Just starting out and have a question? If it is not in the man pages or the how-to's this is the place!

Notices

Reply
 
Search this Thread
Old 02-07-2013, 05:27 AM   #1
Rcucullatus
LQ Newbie
 
Registered: Feb 2013
Posts: 2

Rep: Reputation: Disabled
Help with directing awk output to variable


Hi everyone,

New guy here with a problem that will hopefully have an easy solution, but I just can't seem to manage.
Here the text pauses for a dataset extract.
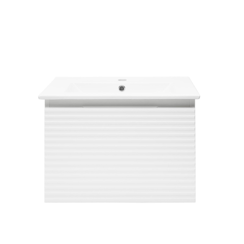 Függesztett fürdőszobai szekrény kerámia mosdóval, fehér fényes színben. 58x43x44,8 cm méretű fényes felülettel. Laminált felület.

So, I have a large list of files that I need to process using the same command line program, and I'm trying to write a small shell script to automate this. I wrote something that will read the input file name from a text file, and repeat the command for each of those files. So far so good. My problem though is with naming the output. Each file is named in the general format "lane_number_bla_bla_bla", and they are processed in pairs. So, there will be a "lane_1_bla_bla_bla_001" and "lane_1_bla_bla_bla_002" that need to combine into a single output file. For this, I'm trying to use awk to read the sample number from the .txt list of input files and parse it into the output file number. Here's the code I came up with (note that the echo statement before the command is there just for testing; it's removed when it comes to run the actual program; also this is not the actual command which is rather more complicated, but the principle still applies):


echo "Which input1 should I use?"
read text
input1=$text # Defines text file that includes filenames of mate 1

echo "Which input2 should I use?"
read text
input2=$text # Defines text file that includes filenames of mate 2


echo "How many lines?"
read text
n=$text # Defines how many lines should be read from filename text files

for i in $(seq 1 $n)
do
awkinput1=$(awk NR==$i $input1) # Defines text at line "i" in filename text file 1 as variable to replace in command line for mate 1
awkinput2=$(awk NR==$i $input2) # Defines text at line "i" in filename text file 2 as variable to replace in command line for mate 2
num=$(awk 'NR==$i{print $2}' FS="_" $input1) # Defines sample number from "i" in filename text file 1 as variable to replace in concatenated file names
lane=$(awk 'NR==$i{print $1}' FS="_" $input1) # Defines lane number from "i" in filename text file 1 as variable to replace in concatenated file names

echo "command $awkinput1.in > $awkinput1.out && command $awkinput2.in > $awkinput2.out && command cat $awkinput1.out $awkinput2.in > $num-$lane-CAT.out &" # Command line of interest

if (( $i % 10 == 0 )); then wait; fi # Limit to 10 concurrent subshells.
done


When I run this, both $awkinput fields get replaced properly in the comand line by the appropriate filename, but not the $num and $lane fields, which print nothing.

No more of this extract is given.